The Wyoming Medical Center received the go-ahead Tuesday from the Natrona County Commission to obtain a loan to buy the Mountain View Regional Hospital.

The Wyoming Medical Center does not anticipate rate increases for its patients as a result of the approval of the $37,000,000 bridge loan, medical center spokeswoman Kristy Bleizeffer said after the meeting.

In April, the Medical Center announced it would buy the Mountain View Regional Hospital, which began as neurosurgical hospital after a bitter fight that started 15 years ago between a group of neurosurgeons and the WMC's administration.

The WMC hired Dr. Robert Narotsky in 1999 to bolster its neurosurgery program, and Narotsky in turned hired three other neurosurgeons. The WMC's administration initially allowed the neurosurgeons to recruit their own operating room team.
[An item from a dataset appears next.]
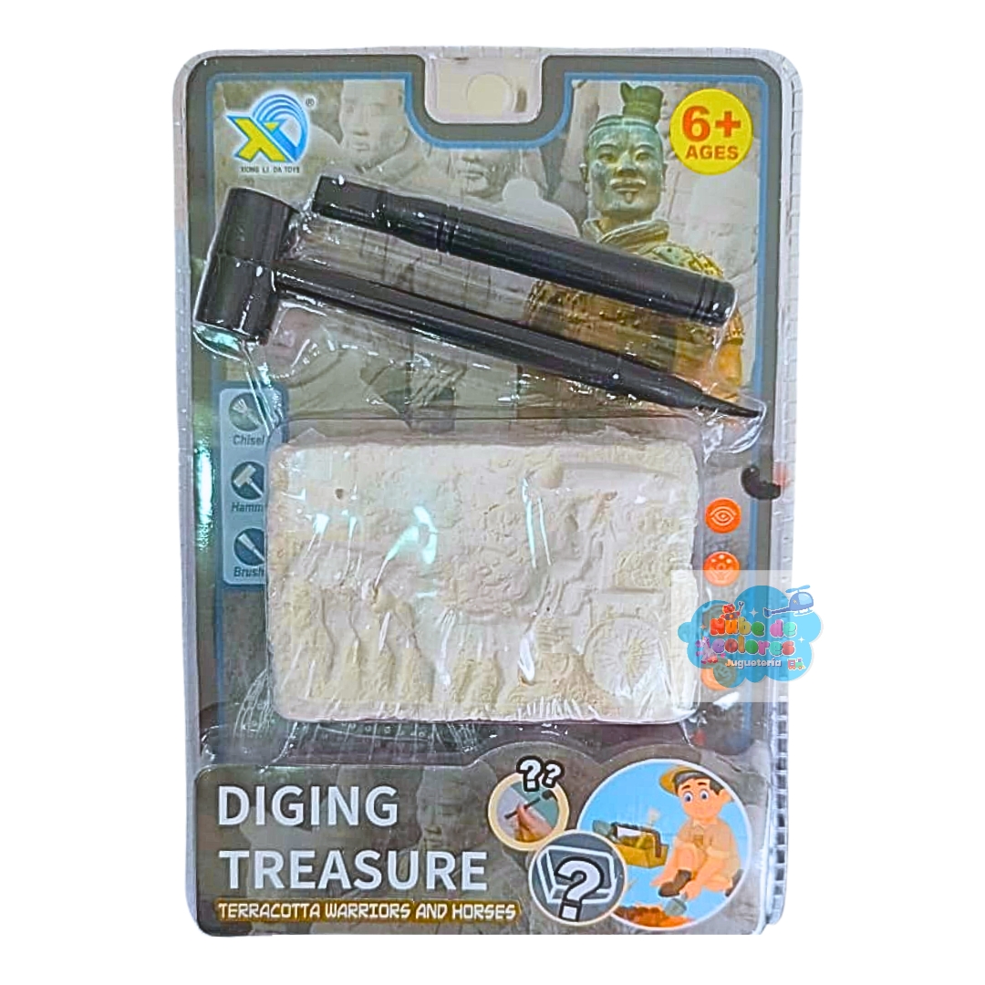 Excava la piedra de arcilla de 10 cm x 4 cm x 6 cm con un cincel y un martillo. Aprende sobre los guerreros y caballos de terracota mientras excavas tus propios tesoros.¡Divertido y educativo!

The WMC's board of directors terminated that contract in October 2005. The neurosurgeons resigned their privileges the next month, began construction of Mountain View, and added more physicians.

In the April announcement, the Medical Center's CEO Michele Chulick said in a press release that the hospital will be able to expand with the acquisition of the 23-bed Mountain View from its affiliates Irving Place Capital and the surgical hospital's physician partners.

The two institutions appear to have buried the hatchet, according to Chulick's press release. “We are very excited about the additional services and presence that we will be able to offer through this acquisition."

Bleizeffer said negotiations about the acquisition began last fall, including discussions about how to pay for it.

The loan will become due by December 2019.

Bleizeffer said in the meantime the Wyoming Medical Center will find financing to pay off the bridge loan and buy the Mountain View Regional Hospital.


The loan process illustrates the relationships among the Wyoming Medical Center, Natrona County, and the board of trustees called the Memorial Hospital of Natrona County.

Until 1986, the county owned what was called the Memorial Hospital of Natrona County. That year, the county decided to get out of the hospital business and the nonprofit Wyoming Medical Center, Inc., was created with its own board of directors.

However, the county still owned the physical plant of the hospital, which is mostly located in the 1200 blocks of East Second and East Third streets.

The nonprofit Wyoming Medical Center leases those county hospital assets, and the lease is monitored by the Memorial Hospital of Natrona County five-member board of trustees. The Natrona County Commission appoints the trustees.

The Wyoming Medical Center's lease requires its to provide charity care for those who cannot afford to pay, provide care for prisoners at the county jail, and to maintain the value of the county's hospital's assets. The value of those assets rose from $62.9 million in 1995 to $288.7 million in 2017.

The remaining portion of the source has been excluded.